If the issue not occur, the reports are similar except the meltdown alerts. We getting timeout alerts on all landscapes, but they not hit everytime the threshold. As the other deployments like here autoscaler are not updated, i think this is a timing issue. But how can we fix that to avoid this false positives?

jpalermo commented 3 months ago

Working backward. To get the meltdown alert, the agents need to be timed out.

Agent objects, when they are created, are seeded with the current time as their updated_at value. Which is updated to the current time any time the agent heartbeats.

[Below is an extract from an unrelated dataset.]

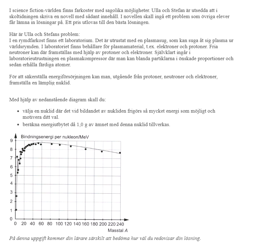 • välja en nuklid där det vid bildandet av nukliden frigörs så mycket energi som möjligt och motivera ditt val.

So why didn't the health monitor get a heartbeat from the agent before it was timed out? You can check the health monitor logs to see when it got heartbeats from the agent. Agents send heartbeats every 30 seconds, so you should be able to work forward or backward from other heartbeats in the logs to see what the health monitor was doing when it should have received it.

Might also check the agent logs in this situation to see if there was any sort of error when sending the heartbeat.

max-soe commented 3 months ago

We cannot reproduce this issue, after we migrated from the bosh version 280.0.20 to 280.0.25. Maybe this was fixed by the metric server improvements. I will close this ticket for now.